Posted By Jim On 11/02/2007 @ 11:33 am In Education | 24 Comments

As I wrote this morning, I opted for the Maryland 529 College Investment Plan (CIP) over the Maryland 529 Prepaid College Trust (PCT) when I enrolled and I did so for a variety of reasons. First off, the Prepaid College Trust is like prepaying and locking in the rates of a Maryland educational institution today but for use sometime in the future (at least three years in the future).

Can Only Enroll Beneficiary After Birth

This made the PCT impossible for me because we don’t have any children yet. The CIP lets me name myself as the beneficiary and then roll that over to my child when he or she is born.

However, let’s say I have a child and the PCT was an option, would I still do the CIP? Yes, here’s why.

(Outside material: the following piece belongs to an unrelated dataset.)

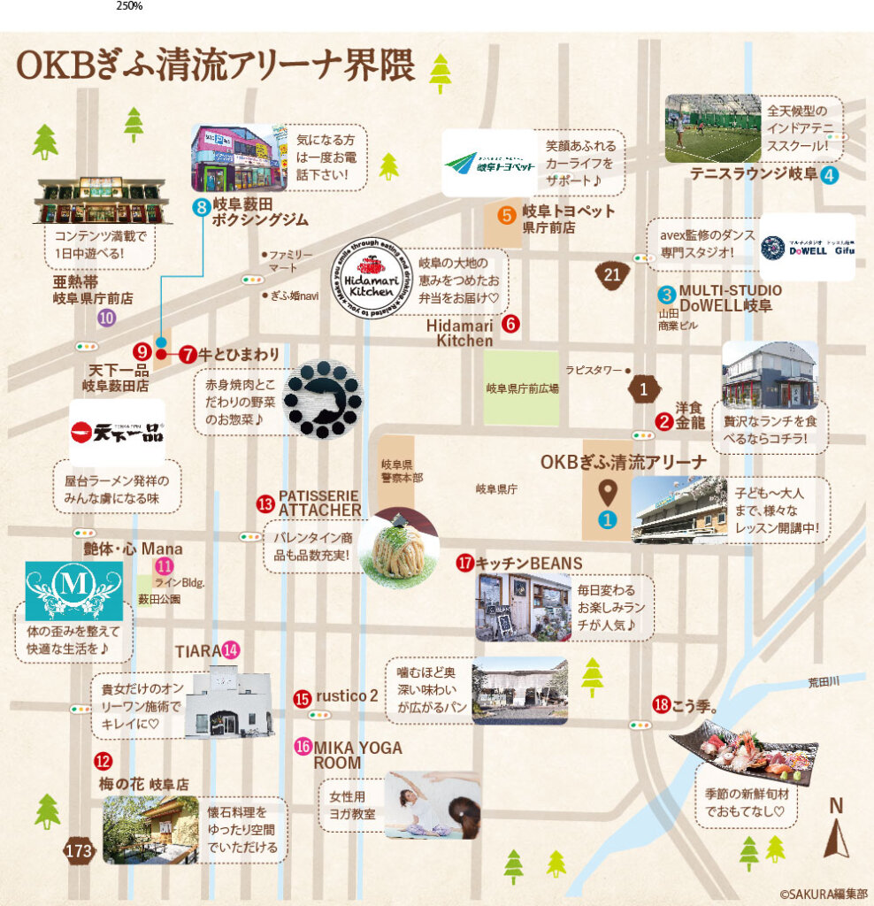 岐阜起点『わがまち図鑑 まちあるきMAP』 第151回目はOKBぎふ清流アリーナ界隈をご紹介!スポーツやイベントの帰りに周辺を歩いてみよう。

1. PCT’s “Legislative Guarantee”

With the CIP, my after-tax assets are put into various funds that grow tax-deferred (tax-free if spent on educational expenses). The PCT, it’s like Social Security, I pay into a system that will put it in a group of investments that will guarantee I can get a payout when my child enters college. If there is a shortfall, then the Legislative Guarantee says:

… the Governor to submit a request for the Prepaid College Trust in his/her annual budget if the Prepaid College Trust experiences a shortfall in any given year. As with the entire State budget, this request would require General Assembly approval.

What happens if they don’t approve it? What if there is a huge shortfall and no way to fund it? Those are questions that I don’t see answers for and one of the fundamental problems I have with these sorts of guarantees (like Social Security). I’d much rather prefer to have an account with funds in it that I know is there and isn’t spent elsewhere.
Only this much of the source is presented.